Conclusione: chi stiamo curando davvero?
Arriviamo dunque all'osso della questione, sfrondando il dibattito pubblico dalle propagande assessoriali e dalle militanze preconcette delle opposizioni. Le 1.114 stabilizzazioni varate dalle ASL in Abruzzo, accompagnate dalle nuove proroghe a fine 2025, rappresentano senza la minima ombra di dubbio una luminosa conquista sul fronte del diritto del lavoro. Nessun analista lucido e onesto potrebbe auspicare il cinico mantenimento di un precariato di Stato in settori nevralgici, stressanti e logoranti come quello della cura della persona.

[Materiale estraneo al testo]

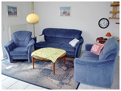Ferienhaus (70 qm) für 1 - 4 Pers. in ruhiger Lage nicht weit vom Deich. Wohnraum mit Farb-TV (Sat-Ant.), DVD-Player, Stereoanlage, Telefon. Einbauküche komplett ausgestattet mit Geschirrspüler, Mikrowelle und mehr, 2 Schlafräume, Bad m. Dusche und WC, sowie 2-tes WC im EG. Garten und Pkw-Stellplatz.

Il difetto di fabbrica, la deviazione morale, risiede tutta nell'equazione mendace che la politica regionale cerca storicamente di vendere all'opinione pubblica: l'illusione ottica che l'assunzione di personale equivalga in maniera automatica e intrinseca alla guarigione del malato. I freddi bilanci pluriennali e i monitoraggi terzi della Fondazione Gimbe ci raccontano una realtà diametralmente opposta e infinitamente più cinica. La spesa cresce, l'organico pubblico si gonfia, le tutele contrattuali si stratificano, eppure i reparti continuano a denunciare voragini di profili ad alta specializzazione. I cittadini più fragili, spinti ai margini del sistema, rinunciano dolorosamente a farsi curare, mentre la borghesia regionale fa le valigie, sale in treno e va a farsi operare nelle eccellenze del Nord Italia.
L'Abruzzo, in definitiva, sta curando in maniera impeccabile il suo sistema burocratico. Sta alimentando il circuito vitale di un formidabile bacino economico e sociale che orbita incessantemente attorno alle quattro Aziende Sanitarie Locali. Ha blindato i contratti, ha firmato le carte, ma non ha mai avuto il coraggio impopolare di riprogettare i processi. Finché il successo di una legislatura si misurerà unicamente con la metrica del "quanti ne abbiamo assunti" anziché del "quanti ne abbiamo guariti, in quanto tempo e con quale grado di civiltà", i 705 milioni di euro spesi per il personale rimarranno l'equivalente di una tassa occulta sull'inefficienza. Un pedaggio invisibile che il cittadino abruzzese finisce per pagare sempre due volte: prima con l'addizionale IRPEF per finanziare lo stipendio del sistema, e poi con la propria vita, attendendo mesi per una diagnosi che dovrebbe essere l'alfabeto di uno Stato civile, e non l'ennesima lotteria della burocrazia regionale.